Segment Start: DATA RECORDS
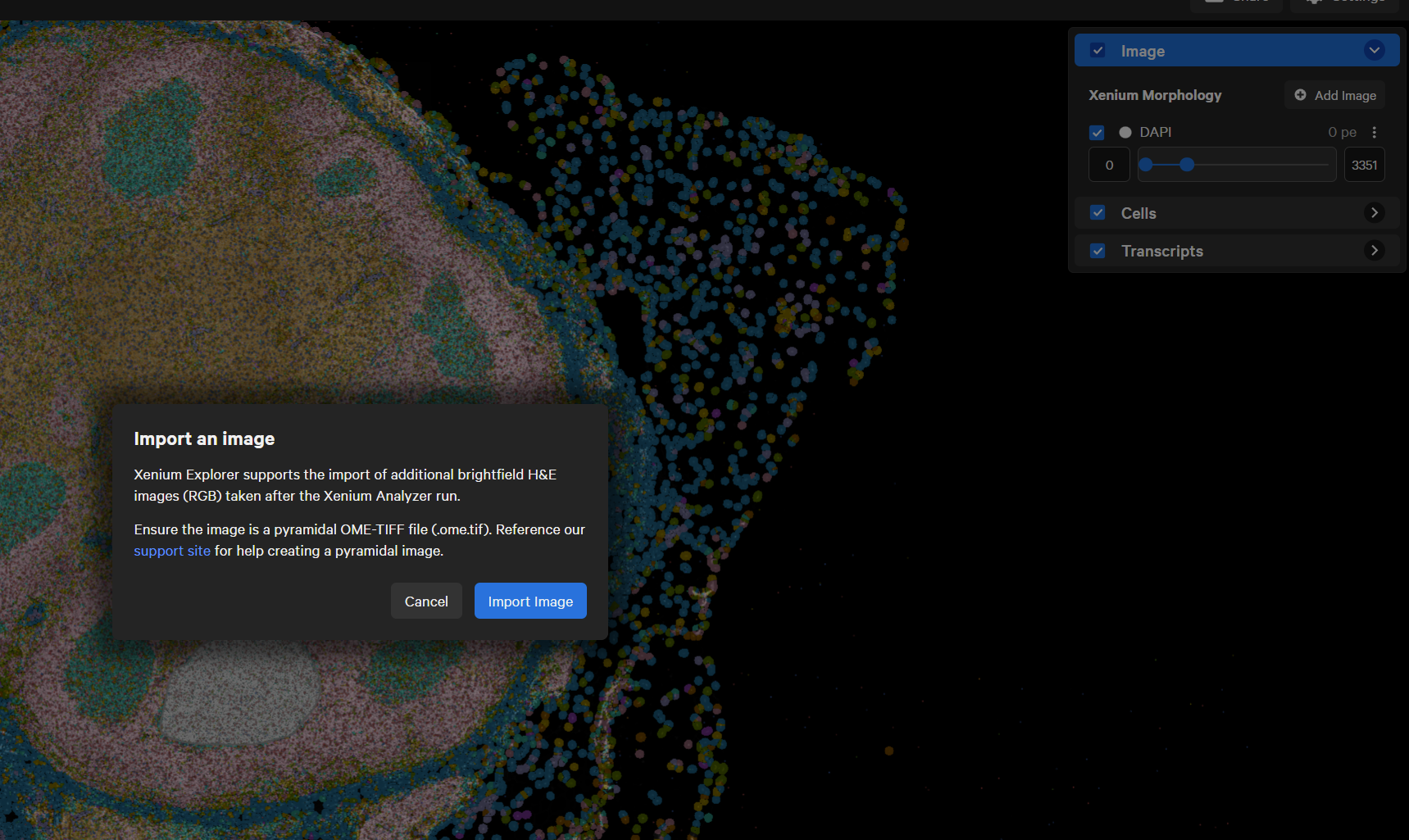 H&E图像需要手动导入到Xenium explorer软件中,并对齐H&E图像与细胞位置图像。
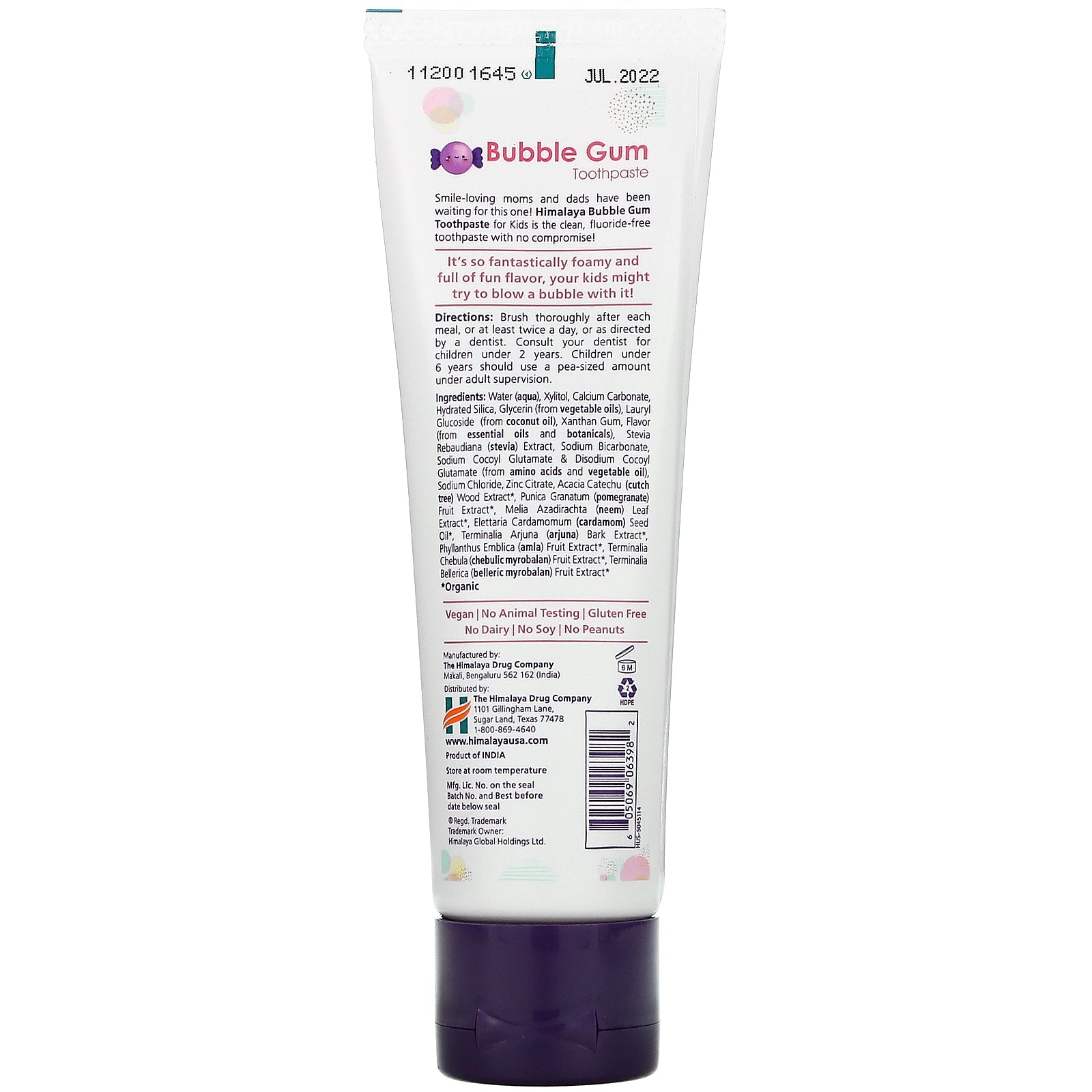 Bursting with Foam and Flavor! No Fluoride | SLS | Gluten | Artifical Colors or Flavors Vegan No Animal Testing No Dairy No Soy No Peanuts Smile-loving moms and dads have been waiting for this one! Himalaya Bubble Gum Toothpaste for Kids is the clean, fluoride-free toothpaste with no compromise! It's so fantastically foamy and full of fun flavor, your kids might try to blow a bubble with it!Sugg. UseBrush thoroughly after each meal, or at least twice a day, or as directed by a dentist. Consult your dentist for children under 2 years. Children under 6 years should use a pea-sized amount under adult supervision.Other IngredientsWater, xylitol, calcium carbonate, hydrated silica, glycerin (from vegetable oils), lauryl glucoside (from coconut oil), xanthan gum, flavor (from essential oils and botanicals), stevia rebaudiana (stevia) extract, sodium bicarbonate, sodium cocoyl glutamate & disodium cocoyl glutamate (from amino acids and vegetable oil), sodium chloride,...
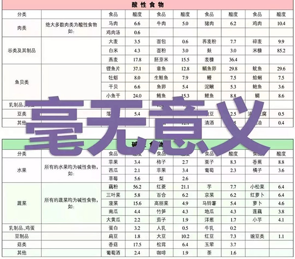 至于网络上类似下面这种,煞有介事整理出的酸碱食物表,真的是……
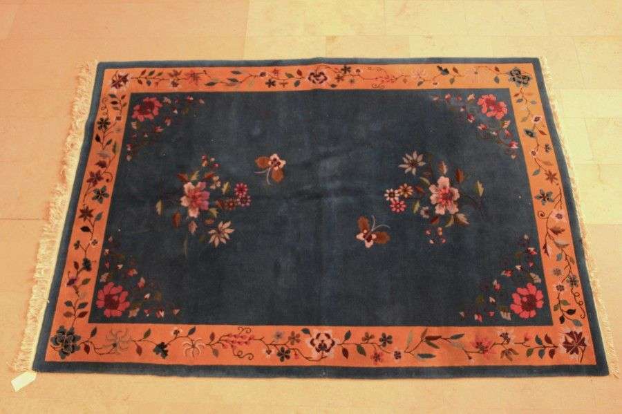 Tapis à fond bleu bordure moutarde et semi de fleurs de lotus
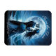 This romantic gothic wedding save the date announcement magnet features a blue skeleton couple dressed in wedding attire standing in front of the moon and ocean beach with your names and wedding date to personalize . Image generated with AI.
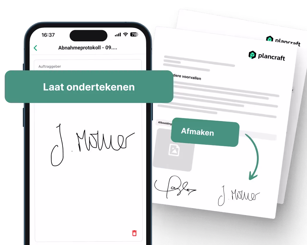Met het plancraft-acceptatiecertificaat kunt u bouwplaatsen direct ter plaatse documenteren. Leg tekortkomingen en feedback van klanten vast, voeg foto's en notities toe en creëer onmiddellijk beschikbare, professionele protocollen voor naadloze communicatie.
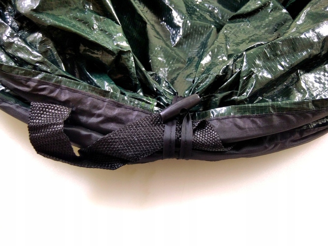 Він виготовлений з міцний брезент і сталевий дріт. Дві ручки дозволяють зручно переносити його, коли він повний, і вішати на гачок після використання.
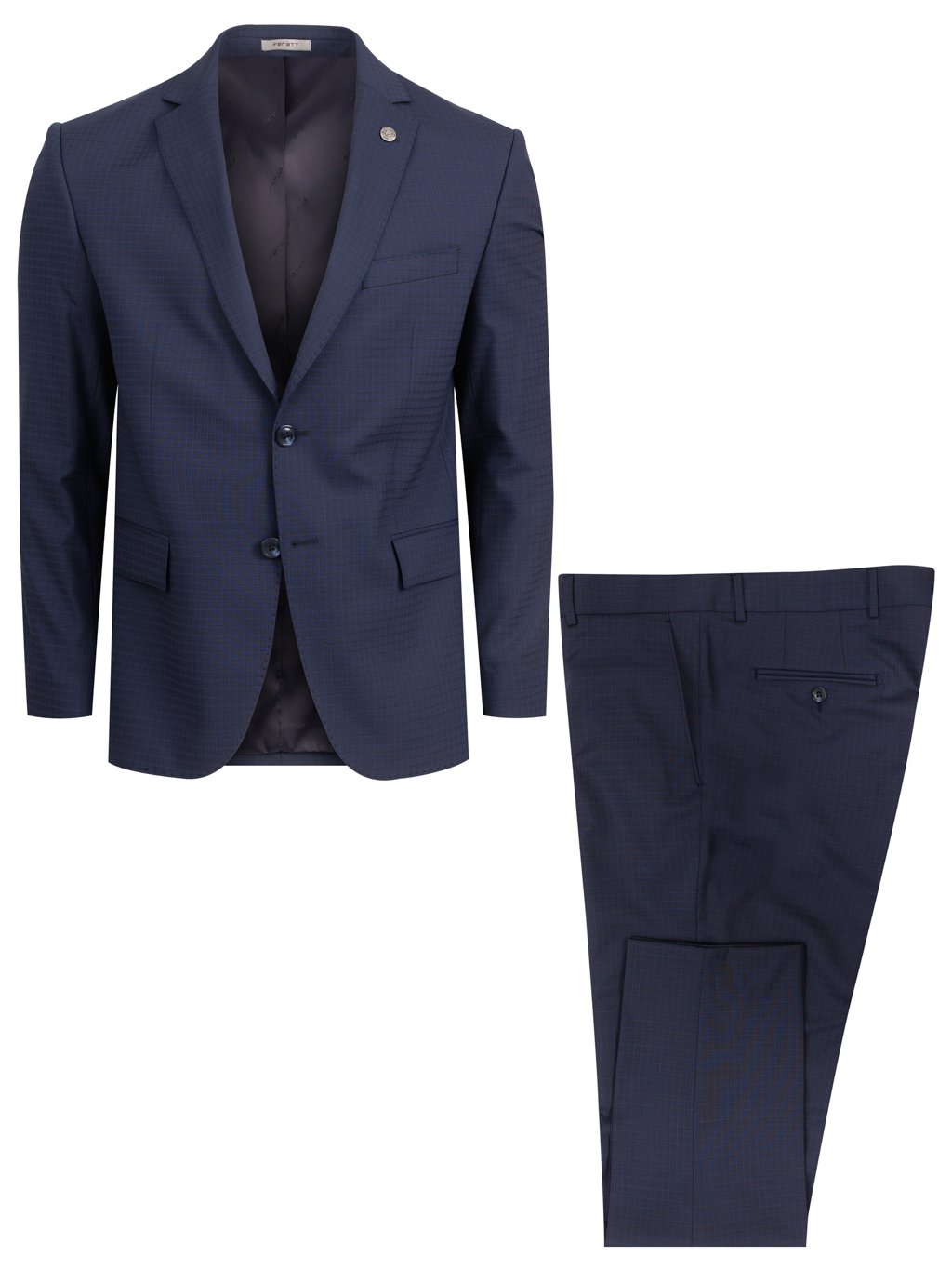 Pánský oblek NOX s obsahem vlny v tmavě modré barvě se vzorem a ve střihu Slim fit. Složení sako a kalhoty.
Segment End: DATA RECORDS
Segment Start: DATA RECORDS
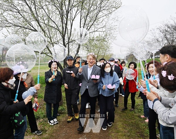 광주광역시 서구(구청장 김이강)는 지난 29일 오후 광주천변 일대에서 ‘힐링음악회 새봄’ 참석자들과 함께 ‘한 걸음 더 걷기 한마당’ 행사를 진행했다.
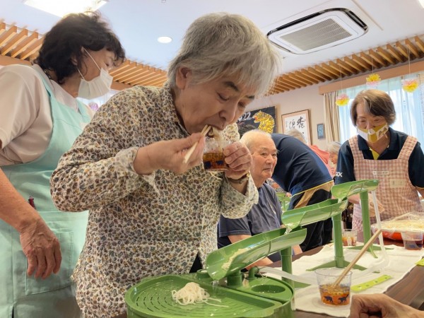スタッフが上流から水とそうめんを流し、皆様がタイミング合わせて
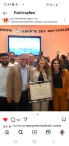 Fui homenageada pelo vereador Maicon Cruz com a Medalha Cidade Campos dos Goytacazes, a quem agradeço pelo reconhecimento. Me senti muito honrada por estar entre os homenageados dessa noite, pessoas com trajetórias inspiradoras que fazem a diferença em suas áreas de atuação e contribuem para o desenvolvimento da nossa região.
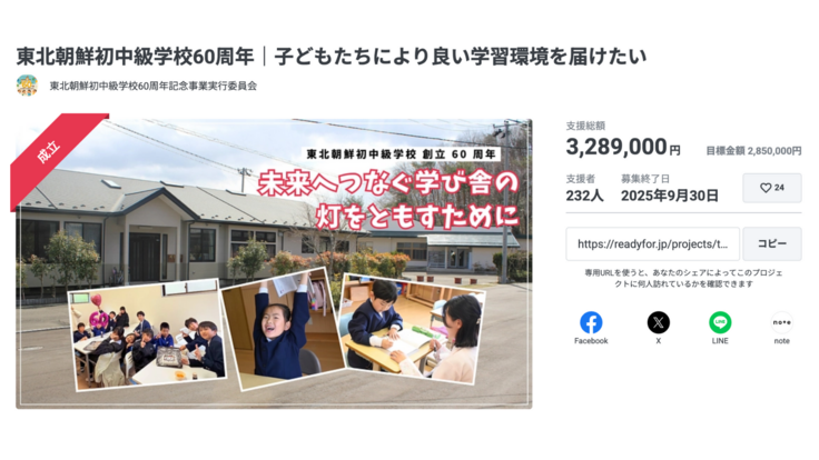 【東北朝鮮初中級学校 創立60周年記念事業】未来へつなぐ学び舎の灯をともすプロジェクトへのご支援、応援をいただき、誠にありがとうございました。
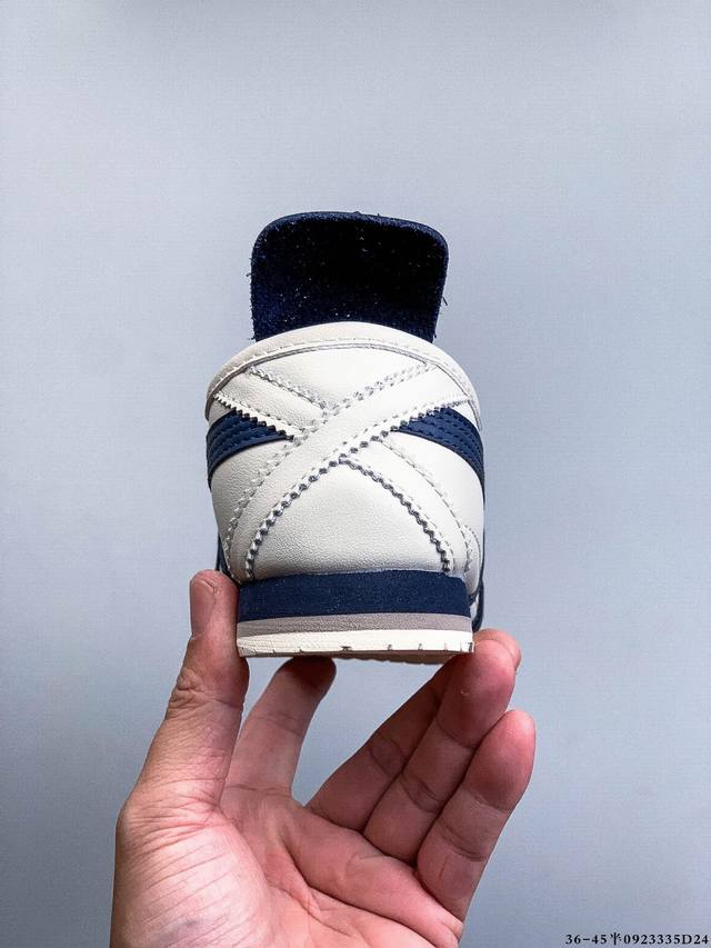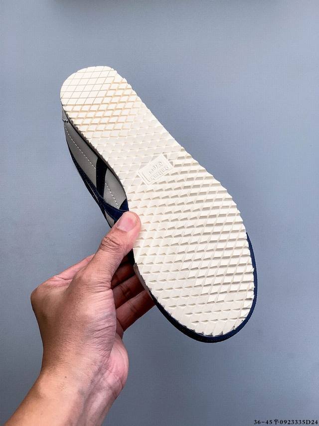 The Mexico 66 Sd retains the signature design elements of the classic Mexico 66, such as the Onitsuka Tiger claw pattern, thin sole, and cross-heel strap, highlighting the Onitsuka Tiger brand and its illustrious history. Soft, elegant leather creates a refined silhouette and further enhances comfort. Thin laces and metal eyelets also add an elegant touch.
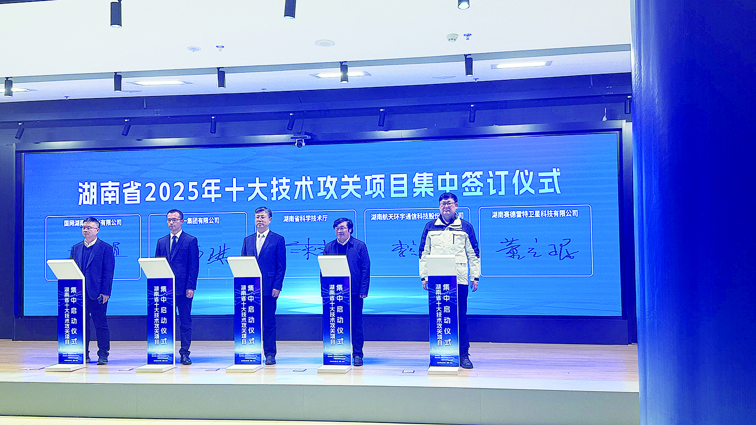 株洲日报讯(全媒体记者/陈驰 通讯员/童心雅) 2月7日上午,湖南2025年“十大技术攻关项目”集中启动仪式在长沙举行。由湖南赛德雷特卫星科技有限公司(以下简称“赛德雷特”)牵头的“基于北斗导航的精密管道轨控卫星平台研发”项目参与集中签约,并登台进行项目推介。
Segment End: DATA RECORDS
Segment Start: DATA RECORDS
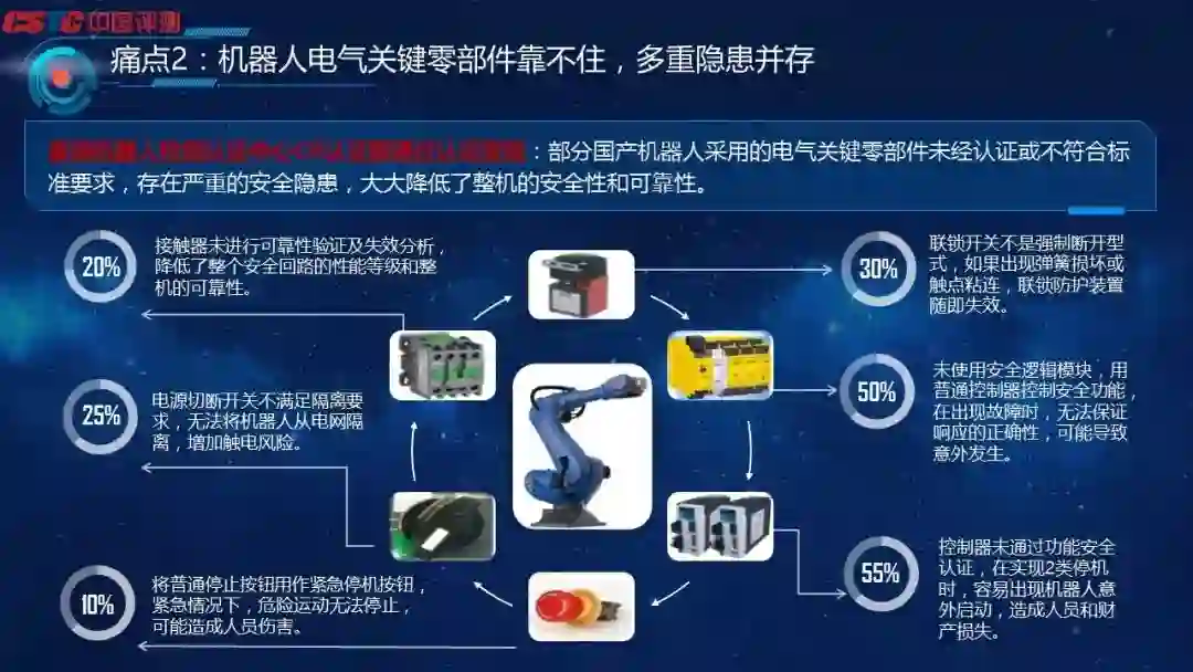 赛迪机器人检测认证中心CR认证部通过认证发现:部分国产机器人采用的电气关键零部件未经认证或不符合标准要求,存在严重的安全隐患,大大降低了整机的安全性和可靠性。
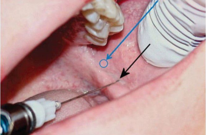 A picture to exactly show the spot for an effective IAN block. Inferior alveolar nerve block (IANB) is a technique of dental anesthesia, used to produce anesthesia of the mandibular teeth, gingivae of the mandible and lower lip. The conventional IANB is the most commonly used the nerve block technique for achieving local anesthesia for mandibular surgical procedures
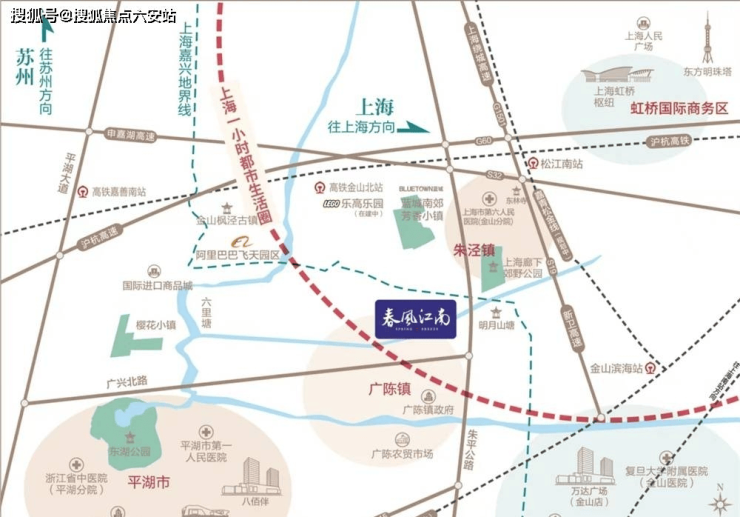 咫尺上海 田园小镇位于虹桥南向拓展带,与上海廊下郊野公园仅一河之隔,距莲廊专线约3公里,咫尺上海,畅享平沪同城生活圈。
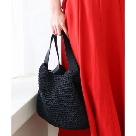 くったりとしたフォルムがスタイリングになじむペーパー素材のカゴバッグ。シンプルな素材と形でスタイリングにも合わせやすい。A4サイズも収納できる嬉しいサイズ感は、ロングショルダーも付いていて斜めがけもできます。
Segment End: DATA RECORDS
**EXERCISE DIRECTIONS**
Starting at the line above that has "Bursting with Foam" and ending at the line that has "This romantic gothic", copy each line exactly, leaving the pictures out and adding nothing.

**ANSWER FOR THE TASK**
 Bursting with Foam and Flavor! No Fluoride | SLS | Gluten | Artifical Colors or Flavors Vegan No Animal Testing No Dairy No Soy No Peanuts Smile-loving moms and dads have been waiting for this one! Himalaya Bubble Gum Toothpaste for Kids is the clean, fluoride-free toothpaste with no compromise! It's so fantastically foamy and full of fun flavor, your kids might try to blow a bubble with it!Sugg. UseBrush thoroughly after each meal, or at least twice a day, or as directed by a dentist. Consult your dentist for children under 2 years. Children under 6 years should use a pea-sized amount under adult supervision.Other IngredientsWater, xylitol, calcium carbonate, hydrated silica, glycerin (from vegetable oils), lauryl glucoside (from coconut oil), xanthan gum, flavor (from essential oils and botanicals), stevia rebaudiana (stevia) extract, sodium bicarbonate, sodium cocoyl glutamate & disodium cocoyl glutamate (from amino acids and vegetable oil), sodium chloride,...
 至于网络上类似下面这种,煞有介事整理出的酸碱食物表,真的是……
 Tapis à fond bleu bordure moutarde et semi de fleurs de lotus
 This romantic gothic wedding save the date announcement magnet features a blue skeleton couple dressed in wedding attire standing in front of the moon and ocean beach with your names and wedding date to personalize . Image generated with AI.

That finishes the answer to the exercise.